Make the Binder: In a small mixing bowl, whisk together ½ cup of mayonnaise, 1 large egg, 1 tablespoon of Worcestershire sauce, 1 tablespoon of baking powder, 1 teaspoon of Old Bay Seasoning, and 1 tablespoon of minced fresh parsley until smooth.
Chill the Mix: Gently fold the mayonnaise mixture with the crabmeat mixture. Cover and refrigerate for 1 hour or until ready to cook.
Form the Cakes: When ready to cook, divide the crabmeat mixture into 8 equal parts and very gently pat it into 1½-inch hamburger-like patties. Do not overwork. Set the patties aside until ready to cook.
Cook the Cakes: Set a large cast iron skillet over medium heat and, when hot, heat the oil until it shimmers. Set the crab cakes in the hot oil and cook, about 3 minutes per side, or until golden brown on both sides and hot throughout. It is important to not crowd the skillet, so cook the crab cakes in two batches.
Garnish and Serve: Transfer the cooked cakes to a paper towel-lined plate to remove excess oil and then to a serving plate. Garnish with fresh dill leaves and a wedge of fresh lemon. Serve with Homemade Tartar Sauce.
The recipe says serves four. Does that mean it makes four? Or how many crab cakes does it make?
Makes 8 crab cakes with 2 per serving!
Can I use this same recipe to make salmon cakes?
Excellent
Thank you!!
This recipe was so good! It was the first crab cake recipe I clicked on, and I was impressed with how it turned out given that this was my first time ever making crab cakes!
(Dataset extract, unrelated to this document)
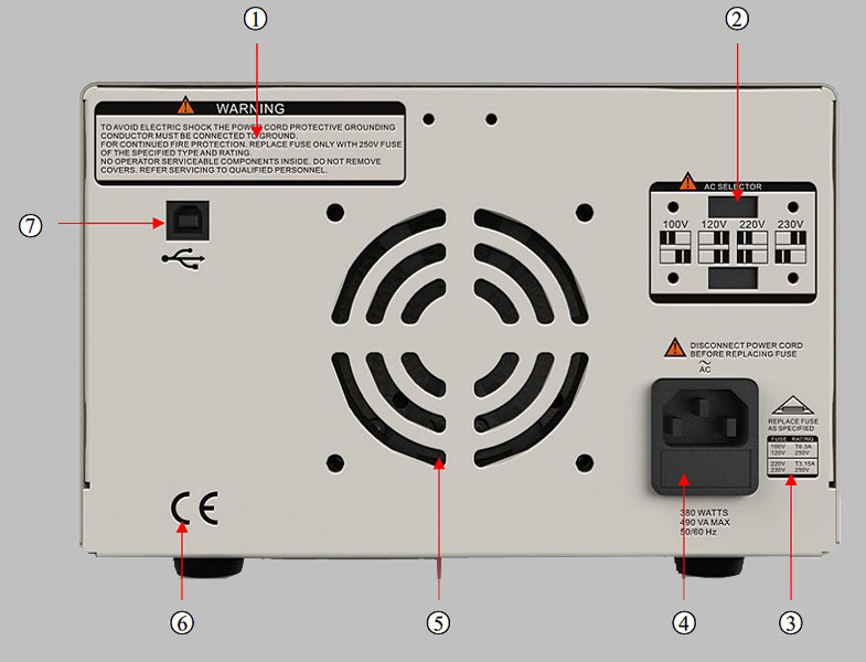 Widok tylnej płyty zasilacza SPD3303C

I’m so glad that you enjoyed this recipe!!
How much oil, by quantity or depth in skillet?
What type of oil works best?
Thanks, Reno Dave
Any type of frying oil will do! I put enough to cover the bottom of the pan!
Easy and delish. Will make again!
I’m so happy to hear that!
Made these crab cakes and tartar sauce for our 37th anniversary dinner. They were delicious even though I used a less expensive crabmeat. They were simple but tasted anything but simple. I have never found a tartar sauce that I like as well as one served on a restaurant I know but now I have one. I loved it. Definitely a new favorite. Thank you for sharing this recipe.
How special! Happy anniversary! I’m glad you all were able to enjoy these on your special night!
It’s time to give you a shout out for this fantastic crab cake recipe! I’ve made this four times now and everyone loves it! We male a nice remoulade sauce to top them off with too! Thanks!!!
Thanks, Rosemarie!
oh my goodness delicious! thank you!
Just wondering if I could use this recipe for stuffed clams in the shell
Hi Gerri, I’m not sure what you mean. Do you mean using clam meat instead of crab meat? I think it would be pretty different and I haven’t tried so I’m so sorry, I’m not sure.